Sec. 3. Work, Education or Training-related Sexual Harassment Defined. Work, education or training-related
sexual harassment is committed by an employer, manager, supervisor, agent of the employer, teacher,
instructor, professor, coach, trainor, or any other person who, having authority, influence or moral
ascendancy over another in a work or training or education environment, demands, requests or otherwise
requires any sexual favor from the other, regardless of whether the demand, request or requirement for
submission is accepted by the object of said Act.

(a) In a work-related or employment environment, sexual harassment is committed when:

(1) The sexual favor is made as a condition in the hiring or in the employment, re-employment or continued
employment of said individual, or in granting said individual favorable compensation, terms, conditions,
promotions, or privileges; or the refusal to grant the sexual favor results in limiting, segregating or classifying
the employee which in a way would discriminate, deprive or diminish employment opportunities or otherwise
adversely affect said employee;

(2) The above acts would impair the employees rights or privileges under existing labor laws; or

(3) The above acts would result in an intimidating, hostile, or offensive environment for the employee.

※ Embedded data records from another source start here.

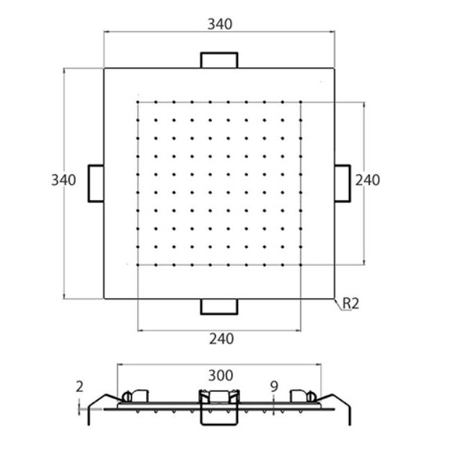 GABOLI FRATELLI WELLNESS ALCACHOFA CUADRADA DE TECHO 34X34CM ACERO INOXIDÁBLE
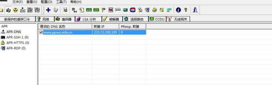 欺骗成功后,在被害机器上查看www.ppsuc.edu.cn的IP 查看是否被解析到了,指定的IP地址上
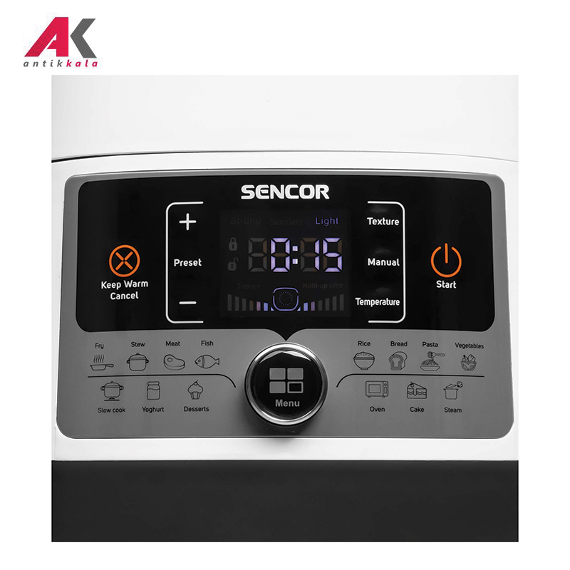 مولتی کوکر سنکور مدل SENCOR SPR 3600WH، با توان مصرفی 1000 وات با ارائه چندین عملکرد کارای پخت و پز از تولیدات این برند باکیفیت به شمار میآید. عملکرد پخت و پز در این دستگاه در عین صرفه جویی در مصرف انرژی تا میزان 50 درصد در مقایسه با مدل های پیشین سریع تر و کارآمدتر است. با وجود حجم کاسه 5 لیتری امکان تهیه وعده تا 10 نفر به راحتی و بدون نگرانی برای شما فراهم است. در کنار انجام عملکردهای اصلی همچون آرامپز، بخارپز، پلوپز و سرخکن، وجود 14 برنامه پیش فرض در پنل کاربری این دستگاه امکان انجام طبخ انواع متنوع غذا را به راحتی و در اسرع زمان مهیا کرده است. وجود صفحه کاربری دکمه ای در کنار یک نمایشگر LCD، کنترل تنظیماتی اعم از دما و سایر عملکردها و برنامه های دستگاه را به آسانی میسر کرده است. بهره گیری از امکاناتی چون سیستم ایمنی جلوگیری از کار کردن بدون آب و داغ شدن بیش از حد دستگاه، قابلیت گرم نگهدارنده، بهره گیری از سنسورهای داخلی جهت تنظیم مداوم دما، تنظیم هوشمندانه فشار داخلی و دربی دارای قفل هوشمند که امکان شروع فرایند را تنها با قفل بودن خود میدهد از دیگر امکانات مولتی کوکر سنکور مدل SENCOR SPR 3600WH به حساب میآیند.
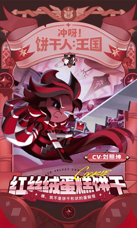 「不只是饼干,所有生命都有资格在这片土地上生活!」 CV:刘照坤 战斗类型:突击型 作战位置:前排 红丝绒蛋糕饼干用散发黑暗气息蛋糕臂制伏敌人时的狠劲,加上那对漆黑却炯炯有神的眼眸,有时看起来比蛋糕怪物还要凶狠可怕……不过,若遇到爱撒娇的蛋糕怪物,他则会放下身段,展现温柔的一面——就像丝绒般柔软又滑顺。
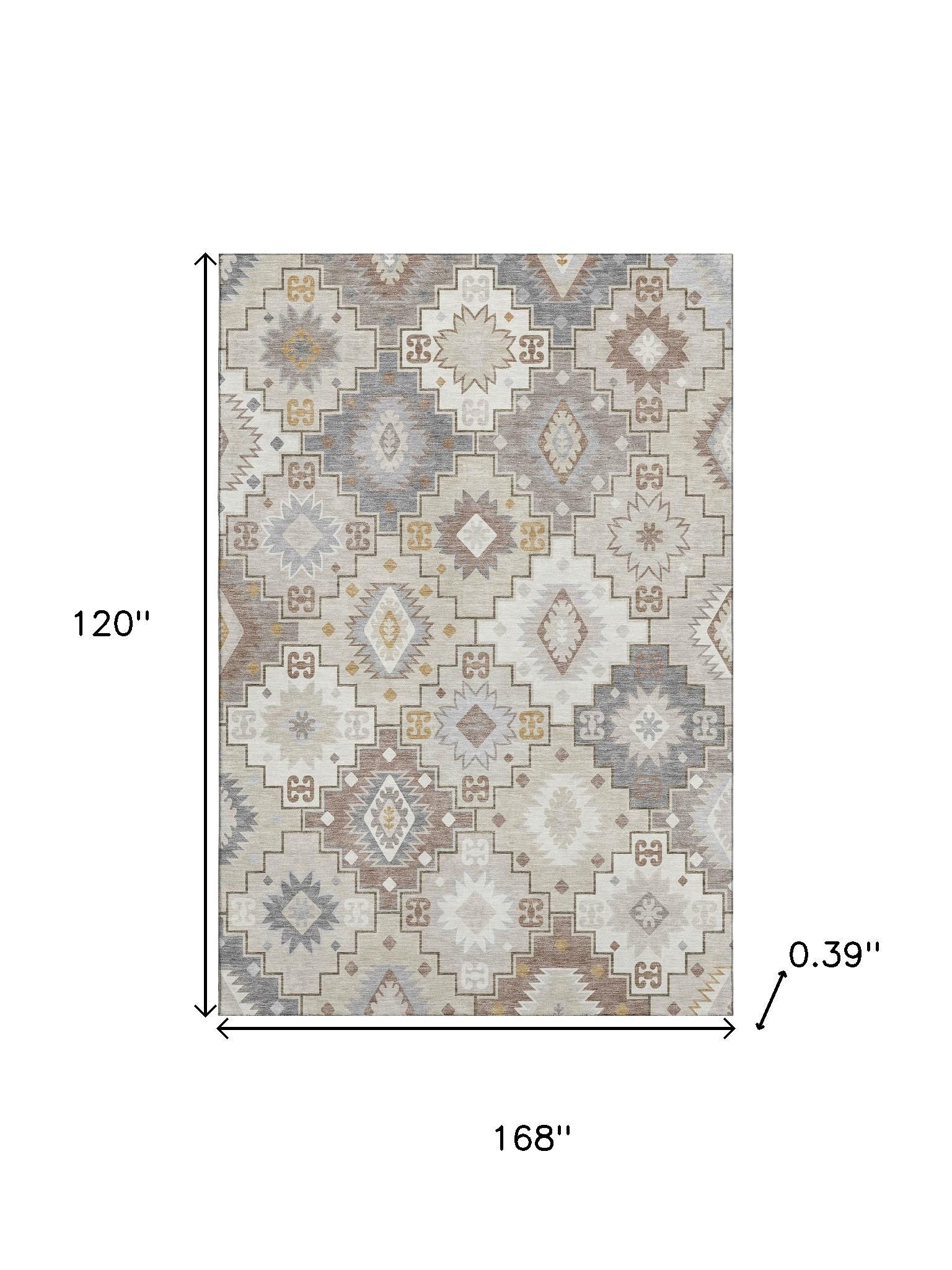 Add some artistry to your room with this 10-foot x 14-foot ivory and gray geometric washable area rug with uv protection. Ideal for spaces with kids and pets, this rug is stain resistant to help repel dirt and spilled liquids. Built to last, this rug crafted from polyester fibers is known for its durability and long lasting appeal. Rugs are a great way to showcase your style, hide imperfections, warm your home and reduce noise. This larger sized, transitional styled rug is ready to create a focal point or statement piece in your room. 120.00-inch h x 168.00-inch w x 0.39-inch d.
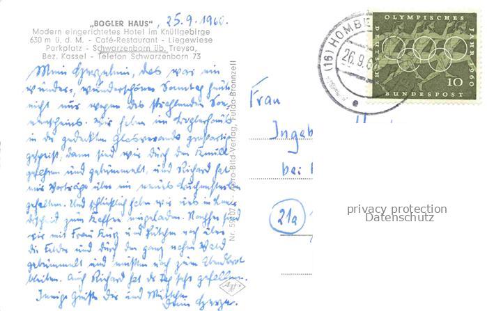 74099459 alte Postkarte Schwarzenborn Knuell Treysa Hessen Bogler Haus postalisch gelaufen Erhaltung siehe scans [WerneD78] KatCode: 11110006634023
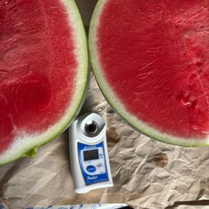 此方のスイカの断面図を見てください。 観てお分かりの方もいらっしると思いますが中心が少し空洞がありますが、その部分はサクサクのとても甘いまるで蜜蜂の蜜蝋の状態です。これが此方の寒暖差から出来る特徴です。一度味わうと他のスイカ🍉が食べれなくなりスイカ嫌いの人も直ぐに好きになるサッパリとした甘さですよ。 🌱🌱🌸🌼
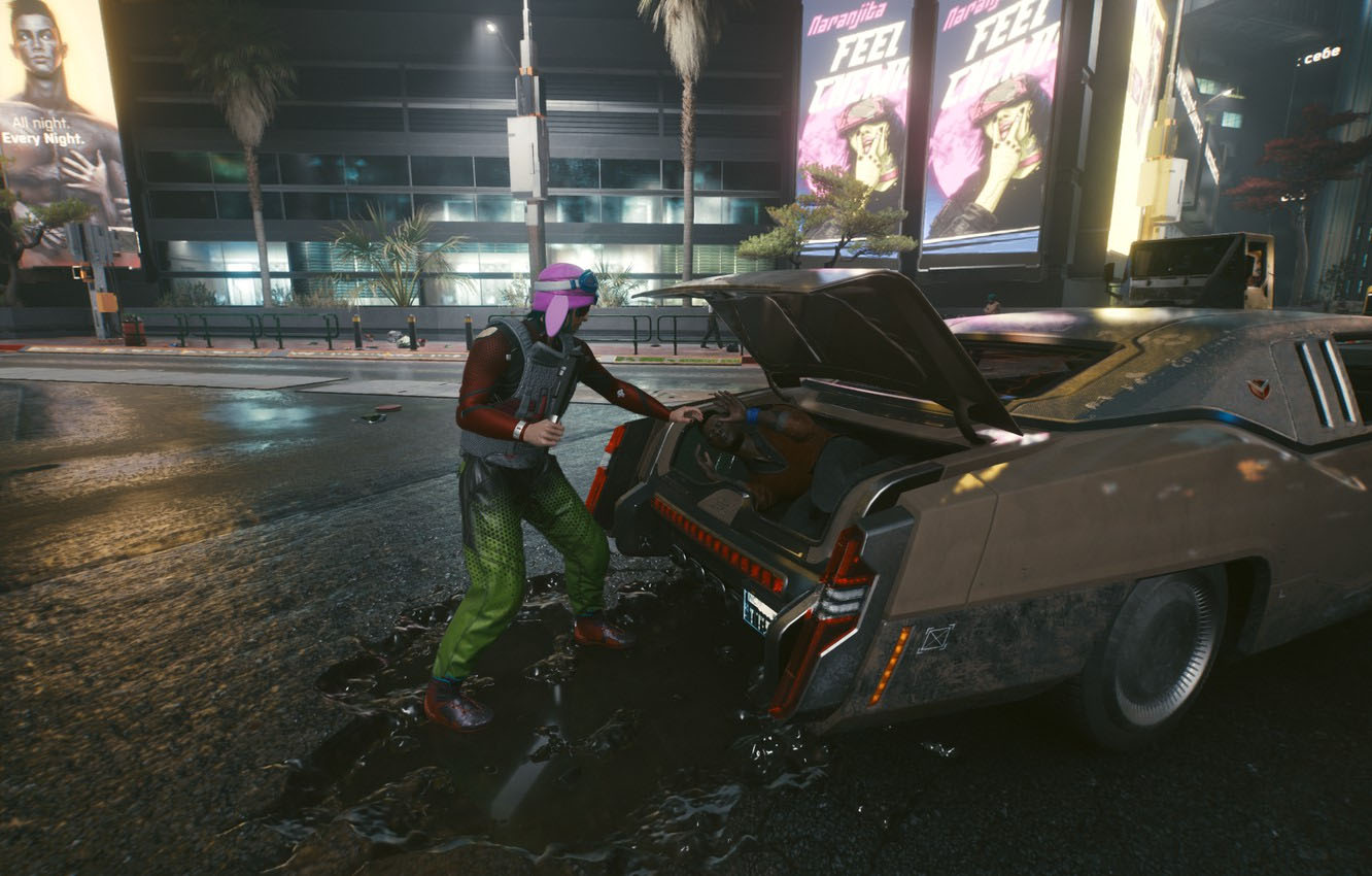 - На улице можно встретить NPC, ведущих беседу друг с другом на разных языках — всё благодаря имплантам.
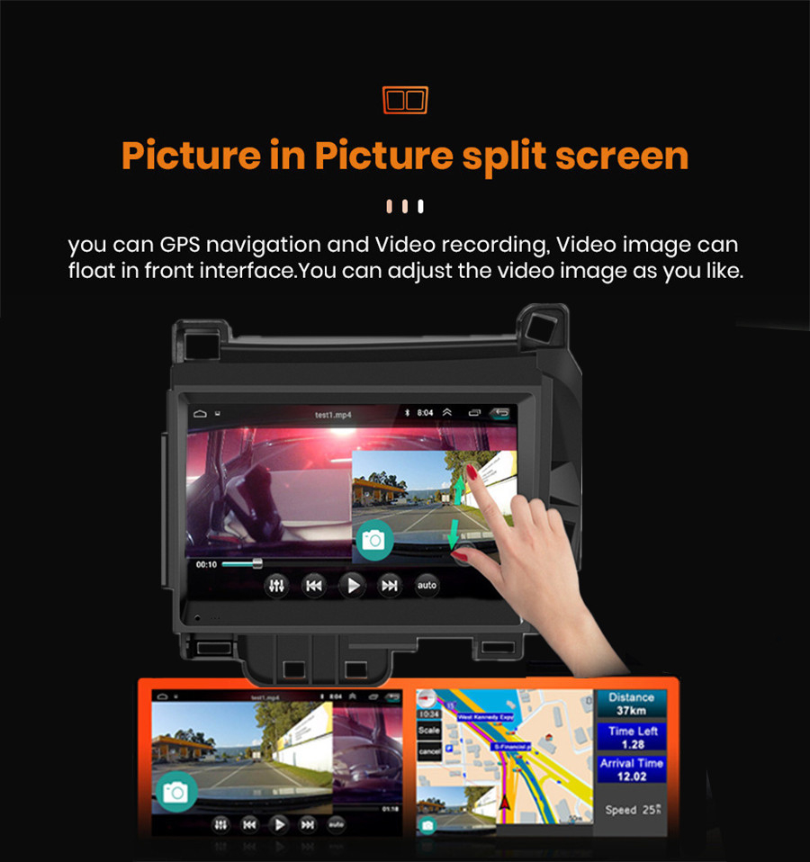 - Touch Screen: Yes - Resolution: 1024*600 - Capacitive or Resistance Screen: Capacitive - Built-in Clock and Calendar: Yes, show real time and can use network-provided time - Main Menu Status Bar display: Can be changed to Music/Radio/BT-Stereo Player and Clock/Date/Week - Change Apps-Icon Position: Yes - Picture in picture split screen:Yes |
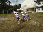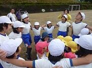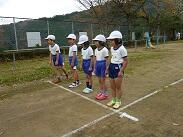 長距離走大会では、これまで自分たちが出してきた記録の更新にむけて保育所生と小学生が円陣を組み、かけ声をかけて始まりました。
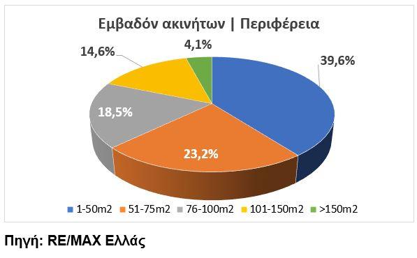 Στην υπόλοιπη Ελλάδα, σύμφωνα με τη RE/MAX Ελλάς, οι μισθώσεις αφορούν κυρίως μικρά και μεσαία ακίνητα, με το 39,6% των ενοικιάσεων να αφορά κατοικίες έως 50 τ.μ. και το 23,2% ακίνητα από 51 έως 75 τετραγωνικά μέτρα. Οι μισθώσεις σε κατοικίες από 76 έως 150 τ.μ. φτάνουν αθροιστικά το 33,1%, ενώ το ποσοστό των ακινήτων άνω των 151 τ.μ. είναι περιορισμένο (4,1%).

It is true that this provision calls for a demand, request or requirement of a sexual favor. But it is not
necessary that the demand, request or requirement of a sexual favor be articulated in a categorical oral or
written statement. It may be discerned, with equal certitude, from the acts of the offender. Holding and
squeezing Domingos shoulders, running his fingers across her neck and tickling her ear, having inappropriate
conversations with her, giving her money allegedly for school expenses with a promise of future privileges,
and making statements with unmistakable sexual overtones all these acts of Rayala resound with deafening
clarity the unspoken request for a sexual favor.

Likewise, contrary to Rayalas claim, it is not essential that the demand, request or requirement be made as a
condition for continued employment or for promotion to a higher position. It is enough that the respondents
acts result in creating an intimidating, hostile or offensive environment for the employee. That the acts of
Rayala generated an intimidating and hostile environment for Domingo is clearly shown by the common
factual finding of the Investigating Committee, the OP and the CA that Domingo reported the matter to an
officemate and, after the last incident, filed for a leave of absence and requested transfer to another unit.